Сказал, будто раздумывая и взвешивая:
– Видите, дело такое… Мы с Карлом Хагеном и полковником Пфердменгесом только что вернулись из Африки. Вокруг африканских событий ходит столько слухов… Мы хотели обрисовать объективную картину, встречались с партизанами и были в войсках, поддерживающих порядок. И пришли к выводу, что слухи о зверствах так называемых карателей – обыкновеннейшая выдумка. Саванну заливают кровью бунтовщиков, если бы увидели, инспектор, изуродованные трупы… – Задохнулся, будто и на самом деле трудно было продолжать, глотнул воды. – Думаю, красные, узнав о наших намерениях – а мы приехали в Европу с полковником Пфердменгесом, чтобы раскрыть зверства колониальных бунтовщиков, – устроили эту диверсию…

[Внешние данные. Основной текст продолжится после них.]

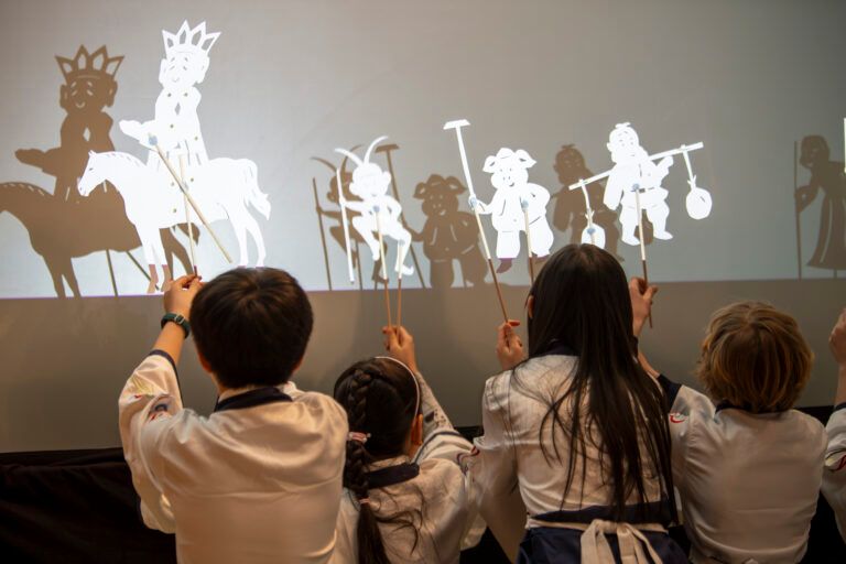 《西游记》经典小剧场涵盖了合唱、朗诵、器乐即兴、皮影戏等多个互动环节。KY开元派驻英国音乐孔子课堂的教师姜谧娅负责设计音乐情节,带领切特姆音乐学校中低年级学生,用传统皮影表演了中国四大名著之一《西游记》中,唐僧、孙悟空一行西天取经的经典片段。演出所用的布景、皮影人物及其动作,皆由学生亲手设计与操作,展现出孩子们对中国故事的理解与创造力。

– Ого! – Инспектор оценил версию. – Дело приобретает интересный оборот. – Остановился в центре комнаты. – Здесь все… Сейчас осмотрим ванну, а затем придётся заглянуть в ваш номер.
– Пожалуйста.
Инспектор вышел. Гюнтер самодовольно усмехнулся, он, кажется, обвёл вокруг пальца этого полицейского болвана. Потянулся к графину. Наливая воду, обратил внимание на газету, что лежала рядом. Что-то заинтересовало его в ней, ещё не знал, что именно, но встревожился и чуть не пролил воду из стакана. Сделал глоток, ища те слова в газете, и нашёл сразу – прочитал только первые строчки и закрыл глаза: так, с закрытыми глазами, допил воду, не мог поверить, хотя знал, что это не галлюцинация…

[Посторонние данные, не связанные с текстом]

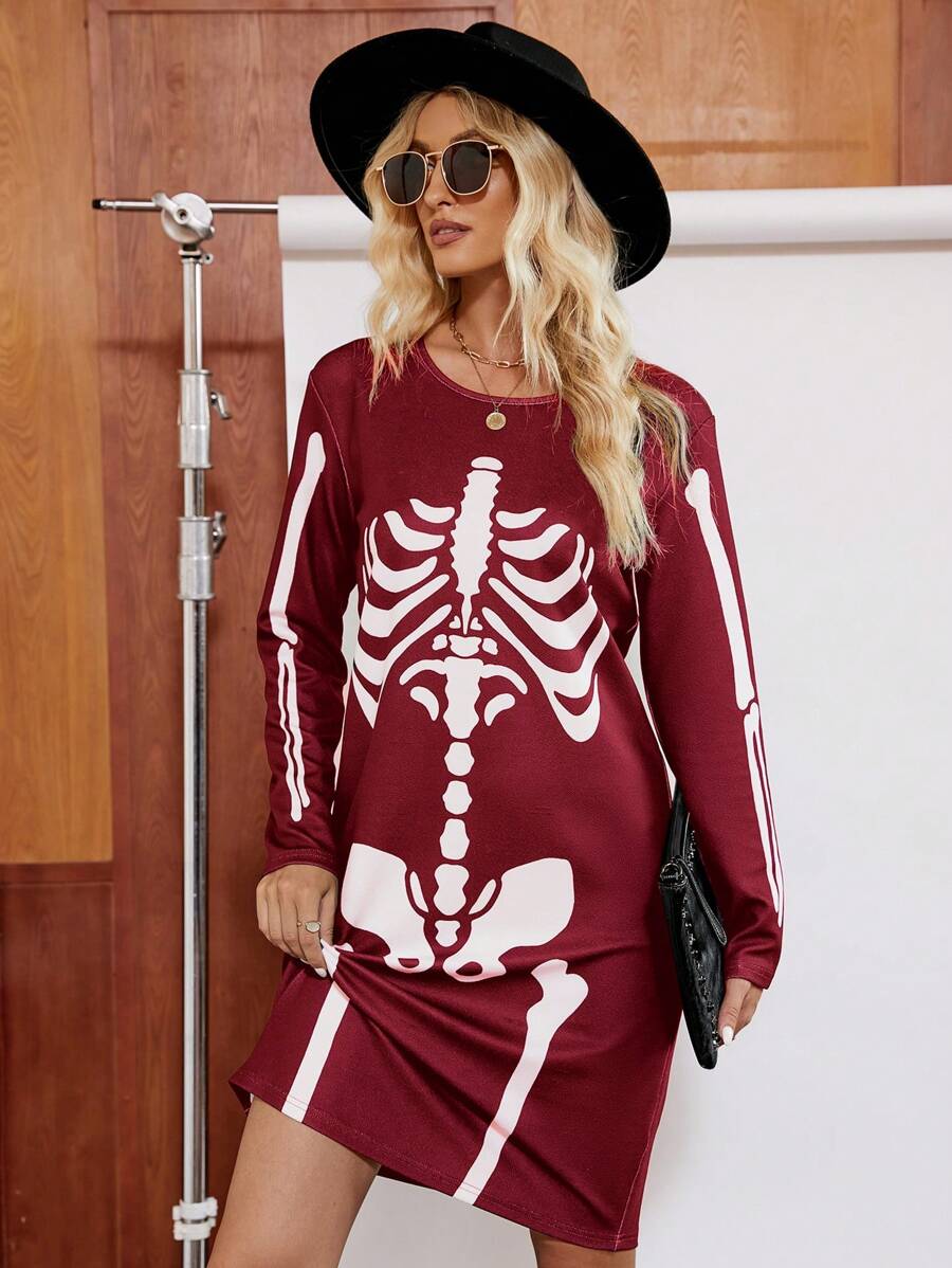SHEIN LUNE Skeleton Print Tee Dress

Прочитал ещё раз – как хорошо, что инспектор вышел из комнаты. Гюнтер наверняка выдал бы себя. Развернул газету, так и есть – загенский листок, его привёз Каммхубель и вчера отдал Карлу. Почему же тот не сказал ему? Это бы спасло жизнь Карлу и Аннет…
Прочитал ещё раз:
«Вчера скоропостижно скончался известный житель нашего города, с именем которого во многом связано процветание Загена, доктор Рудольф Зикс…»
Гюнтер воровато посмотрел, не вернулся ли инспектор, торопливо сложил газету и спрятал в карман, словно она могла выдать его. Не было сил подняться с кресла, но это продолжалось всего несколько секунд. Увидев инспектора в дверях, встал и вытащил ключ.
– Пожалуйста… это от моего номера.
Шёл за полицейским, смотрел на его аккуратно подстриженный затылок – не было никаких мыслей и желаний, машинально отвечал на вопросы инспектора, когда тот осматривал номер.
Стоял на том же месте, что и утром, смотрел в окно – толпа уже разошлась, полицейские убрали остатки «фольксвагена». Почистят и вымоют асфальт, и завтра ничто не напомнит о сегодняшней трагедии: будет стоять какой-нибудь «ситроен» или «опель», только он, Гюнтер, запомнит на всю жизнь, потому что совесть будет мучать его.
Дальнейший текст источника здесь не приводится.